One of the major concerns, among parents and students alike, seems to be preparing meals. (The newspaper spoof the Onion last week captured these concerns with a story headlined: “Area Mother Can Only Imagine What Son Is Eating Right Now.”)

Caltech upgraded its cooking classes this spring into a three-credit course. But in keeping with the way things work at the powerhouse Pasadena school, this was no run-of-the-mill cooking class.

For the final exam, students were provided surprise ingredients and competed, without recipes, to prepare the best meals. The winner: a menu including a toasted baguette with backfin crab and goat cheese, prawns on fettuccine with bechamel sauce and grilled cedar plank Copper River salmon with hollandaise sauce.

“It’s about the most popular course on campus,” said Tom Mannion, the Caltech administrator who teaches Cooking Basics. The course is limited mostly to seniors, who enroll so fast that “it fills up within a half hour.”

(Mannion added that, since the introduction of the cooking course, the number of smoke alarms set off by burnt food in undergraduate housing has plunged from four or five a week to almost none.)

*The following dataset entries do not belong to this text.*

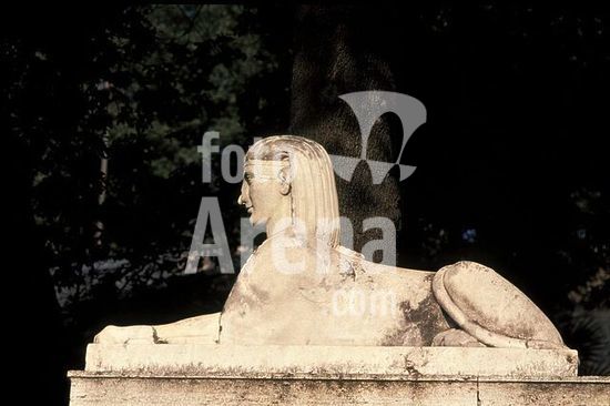 akg424187 Rome - Roma (Latium, Italy), Piazza del Popolo. (1816-24 classicist redesign by Giuseppe Valadier), Exedra with sphinxes and fountain with Roma. Partial view: Egyptianised sphinx. Photo.
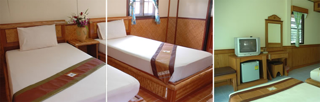 The room size is large enough which can add another extra bed comfortably. The whole room furnished with wooden furniture as wardrobe, dressing table and shelf. For truly convenience, the full facilities were added with satellite TV, mini bar, fridge and wall fan.
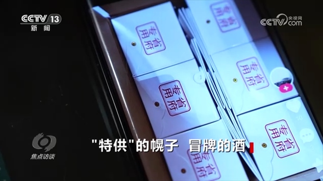 國家市場監(jiān)督管理總局食品經(jīng)營司餐飲監(jiān)管一處處長馬朝輝:“2013年,原食品藥品監(jiān)管總局印發(fā)了加強(qiáng)白酒質(zhì)量安全監(jiān)管工作的通知,在這個(gè)通知中明確規(guī)定不準(zhǔn)生產(chǎn)標(biāo)注‘特供’‘專供’等字樣的白酒。2013年,國務(wù)院機(jī)關(guān)事務(wù)管理局、中共中央直屬機(jī)關(guān)事務(wù)管理局、財(cái)政部、審計(jì)署、原工商總局,五個(gè)部門也聯(lián)合下發(fā)了通知,嚴(yán)禁中央和國家機(jī)關(guān)各部門及其所屬行政事業(yè)單位,使用包括自行或授權(quán)制售冠以‘特供’‘專供’等標(biāo)識(shí)的物品?!?/p>
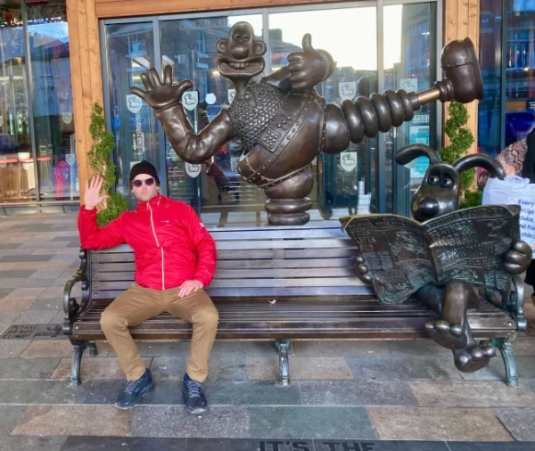 Скульптуру було встановлено у 2021 році, на ній Громіт сидить на лавці та читає газету, а поруч Воллес показує великий палець.
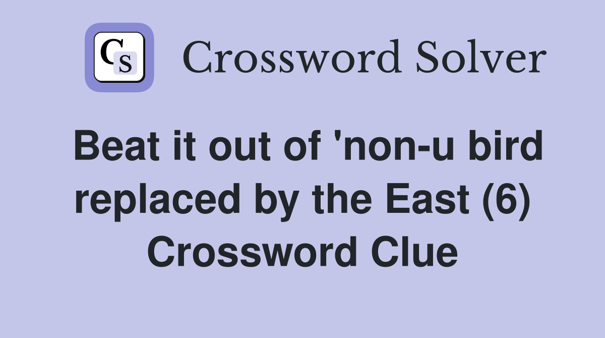 Beat it out of #39 non u bird replaced by the East (6) Crossword Clue
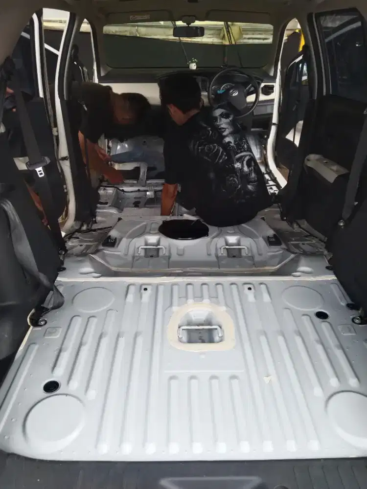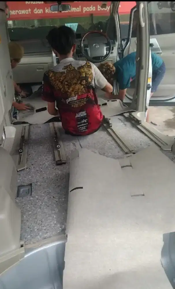 Perawatan interior bekas kebanjiran cuci dan keringkan jok dan karpet dasar mobil ganti peredam panas dan suara, hilangkan bau apek, kecoa dan semut

Financial literacy or personal finance classes have emerged at many campuses, including Cal State Fullerton, Cal State Fresno and Scripps College, a women’s institution in Claremont. At Scripps, students learn about the merits of buying versus leasing a car as well as owning versus renting a home, along with investment options and retirement savings plans. It’s all in a for-credit course that is a key part of the school’s “Money Wise Women” program.

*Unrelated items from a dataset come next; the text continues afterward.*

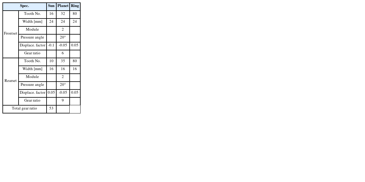 Table 1 Specifications of planetary gear of 2 ton drive reducer
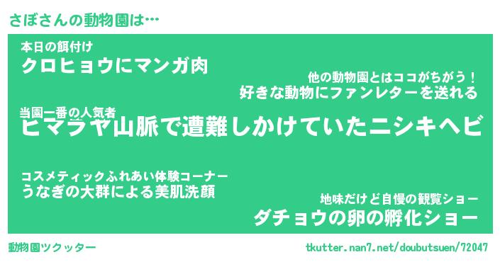 | 2回繰り返すあだ名 | 『さぼさぼ』『ささぼぼ』『にたにた』 |
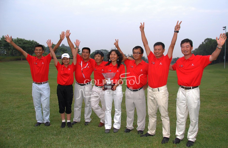 图为昆明滇池湖畔高尔夫俱乐部队带着欢笑捧冠军杯。
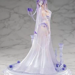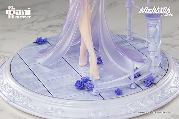This gorgeous wedding-themed figure includes a matching base for display. Most of her dress is made of clear materials with hints of violet throughout that compliments her short hair and the purple roses that decorate her hips and the ones that’ve fallen to the ground.
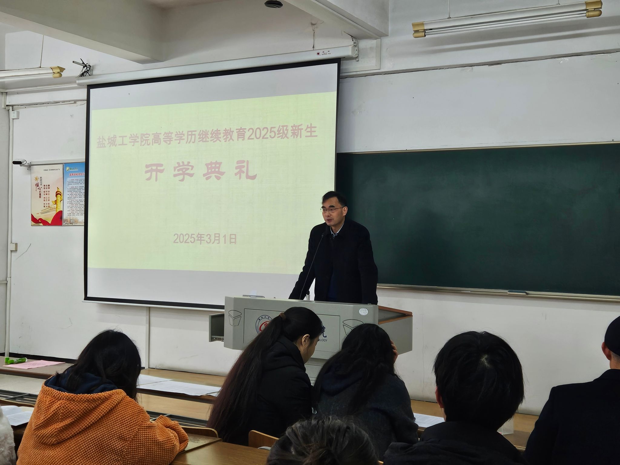 2025年3月1日上午,我院在北校区图书馆102教室举行我校高等学历继续教育2025级新生开学典礼及入学教育,院长陈志华出席并讲话,开学典礼由副书记、副院长杨军主持,教师代表、校工会原主席谢毅敏,继续教育学院原副院长夏金海,新生班主任及2025级新生共150余人参加。
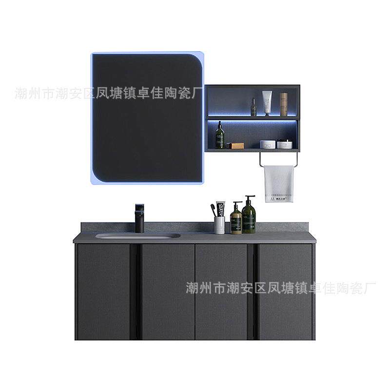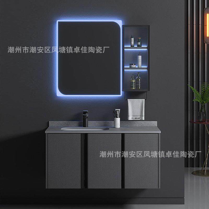 家用陶瓷一体浴室柜套装 北欧卫生间洗漱台盆橡木置物柜含镜吊柜
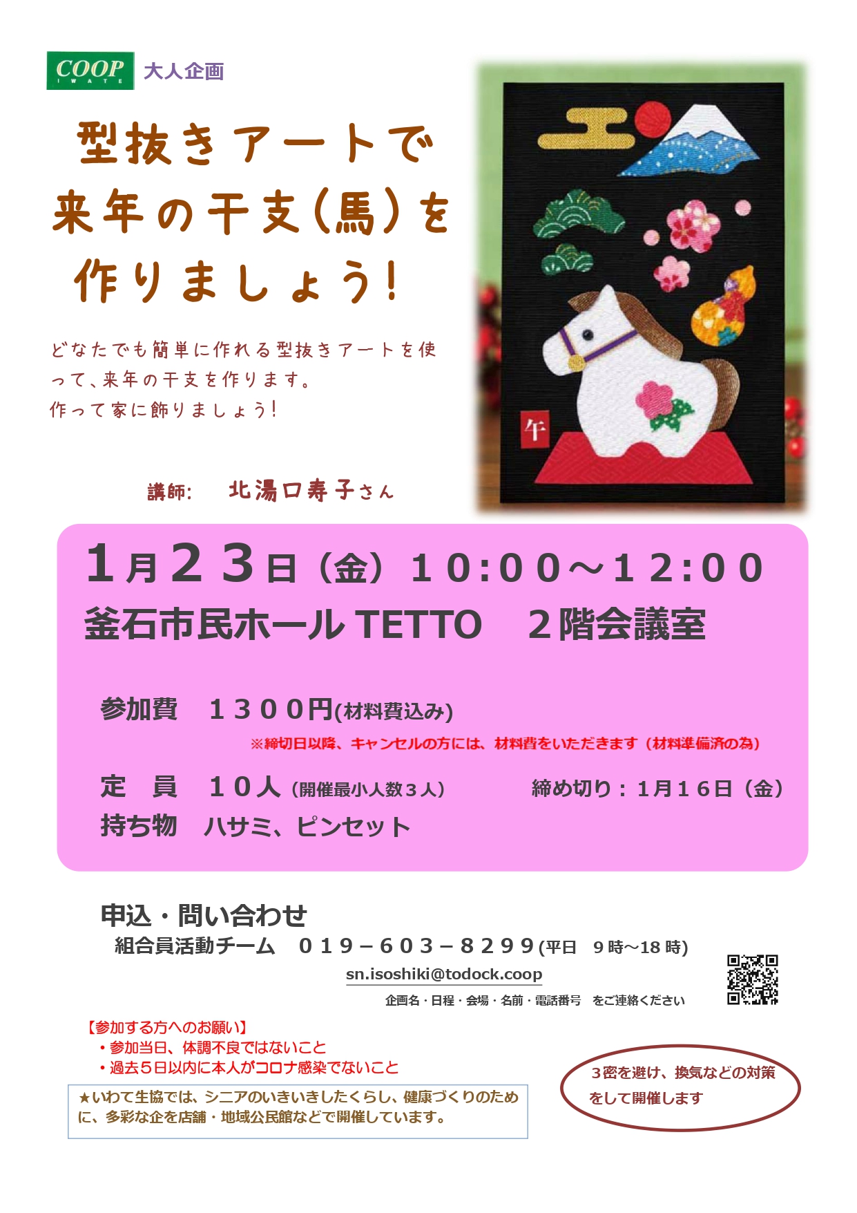 1月23日(金)型抜きアートで2026年の干支(馬)を作りましょう[釜石市民ホールTETTO]

Other programs take a more general approach. The University of Oklahoma’s “Life After OU: A Survival Guide” covers personal finance along with manners and civic involvement. To be admitted to the final exam, students are required to show that that they have registered to vote and written living wills.

College administrators and experts in student life say the growth of these programs reflects broader trends in higher education. Schools already have been trying to attract applicants with state-of-the-art fitness centers, rock climbing walls and improved food service.

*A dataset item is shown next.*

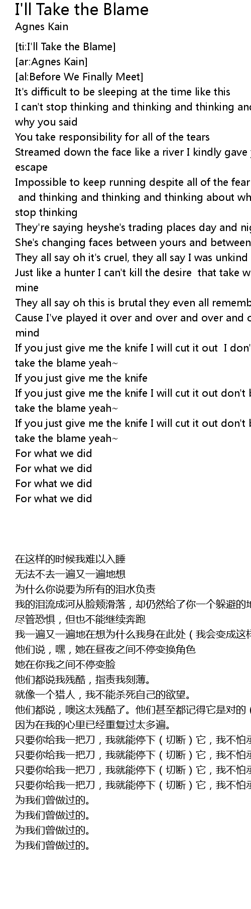I Ll Take The Blame Lyrics Follow Lyrics

Campus organizations for years also have provided “Wine, Dine and Act Fine” workshops to teach etiquette for business meals, while university career centers have held sessions on writing resumes and performing well in job interviews. The California Institute of the Arts in Valencia, recognizing its students’ unusual professional needs, offers a course that includes advice on contracts for selling artwork.

“Universities have always been about personal enrichment,” said George Kuh, director of the Center for Postsecondary Research at Indiana University. The rise of life-after-college programs “happens to widen the net a little bit.”

Gardner said schools started focusing more on the needs of seniors in the 1990s, partly with the goal of turning them into loyal alumni and, when they achieve success, into big donors.

Santa Clara’s “Life After SCU” program covers issues not found in some other real-world workshops. At a recent session on identity theft, about 30 students munched on pizza and drank beer and soft drinks while listening attentively to a police detective.

Pfahnl, an outgoing senior who already has lined up an after-graduation job, said he enjoyed that session and the others that he has attended. But he regrets that schoolwork caused him to miss cooking 101 and auto shop 101.

Although Pfahnl said he has picked up pointers on cooking by watching his mother at the family’s home in the San Jose area, changing the oil in his car remains a mystery. “I’m one of those pathetic guys,” he said with a laugh.